I wouldn't expect that to last long though, a lot of reviewers still haven't played enough of it to give it a rating so right now the sample size is pretty small. Even IGN hasn't submitted their review yet, and usually they're early. The game is just really big.
However, there are:
• Jumping puzzles dependent on either high strength or specific spells.
• Inventory management is critical, particularly grabbing a few emptied crates/chests/backpacks and dumping them into your personal storage chest so you can quickly sort.
Both of those, based on previous reviews, make a decent score from IGN unlikely.
For those that live under a rock, Pokémon heavily relies on a weakness/strength system based on 'types'. Both the Pokémon and individual moves have types. Hitting weaknesses will wreck faces, while hitting strengths is practically useless. This is an important preface to my point.
In the regular land terrain, you can find Pokémon of pretty much all types, which forces you to change up your own Pokémon to adapt.
In water terrain though, the Pokémon you'll find, both in the wild and on trainers, is 99% water as a main type, and it is here where we come across the real problem.
Without any grinding, you can absolutely blitz through any challenges in those areas with a few reliable Electric or Grass types or even moves, to the point where it's just not fun to do.
But at the same time, you have to go through these areas to progress, and the game heavily encourages you to use Pokémon/moves that hit weaknesses. It's been teaching you to do this the entire time. which means most players will experience the drag and not set their own fun to counteract this. That is a legit negative.
I think they just summed it up really badly. At the end of an IGN score, you've got compliments and criticisms at the bottom, summed up in short sentences.
'over-reliance on Water Pokémon' or 'some routes are boringly easy' would both be infinitely better sentences than 'too much water', which on the face of it, and without context, does sound like a bullshit bullet point.
'too much water' was a summary negative point in the IGN review of Pokémon Omega Ruby and Alpha Sapphire games.
On the face of it, that complaint sounds fucking ridiculous, but is actually very valid due to the way those games handle waterways; they are the only terrain filled almost entirely with a single Pokémon type, with all others having wide varieties.
This makes large sections of the game a pathetically easy and boring breeze even by Pokémon standards; one reliable Electric or Grass type and you're set.

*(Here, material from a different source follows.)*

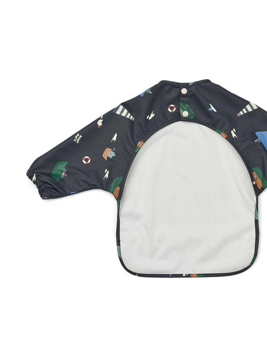 Liewood ruokalappuessu Merle on täydellinen ruokalappuessu suojaamaan pikkuisen vaatteet aterialla tai esimerkiksi maalatessa. Ruokalappuessu on vedenpitävä ja siinä on vaatteita suojaavat hihat sekä vedenpitävä, leveä tasku putoavalle ruoalle.

However, that sentence was in the TL;DR bullet points of the review, which sounds fucking ridiculous without context.
I agree with a lot of your post - but it started at 92, after a few days it was 95, then 2 weeks after release its 97. If anything, more reviews will mean a higher score.

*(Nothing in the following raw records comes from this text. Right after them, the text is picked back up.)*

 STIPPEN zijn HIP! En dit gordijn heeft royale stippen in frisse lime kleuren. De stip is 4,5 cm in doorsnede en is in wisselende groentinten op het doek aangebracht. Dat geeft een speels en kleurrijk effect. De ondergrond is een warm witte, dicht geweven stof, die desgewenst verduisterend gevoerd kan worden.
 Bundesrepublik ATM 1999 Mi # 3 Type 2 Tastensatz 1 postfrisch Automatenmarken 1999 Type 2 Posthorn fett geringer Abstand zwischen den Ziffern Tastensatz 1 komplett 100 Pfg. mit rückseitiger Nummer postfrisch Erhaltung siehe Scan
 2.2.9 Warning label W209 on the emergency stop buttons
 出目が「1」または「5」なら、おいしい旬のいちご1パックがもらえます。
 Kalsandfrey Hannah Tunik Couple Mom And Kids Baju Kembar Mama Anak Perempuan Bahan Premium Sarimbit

That assumes everyone is going to be rating it in the 90s, which is far from a guarantee even for games that absolutely deserve it. Especially when the cRPG genre isn't exactly an industry darling.
People downvoting you is fucking hilarious. I hate to break it to them, but both movie and game reviews were bought out quite some time ago. Watch gameplay, read multiple reviews not from the critics, but from real people who actually tried to enjoy the game instead of doing some mediocre checklist.
I think if it was not the case we would have seen a lot more failing grades lately. I mean some of the titles did not even work on launch yet somehow 9/10?
Exactly. The same critics they are desperately waiting for their approval are the same ones who will give a trash and micro transaction bloated piece of shit game over a 90, but then a well developed and labor of love below a 90 because the better game was indie and didn’t pay them for the review.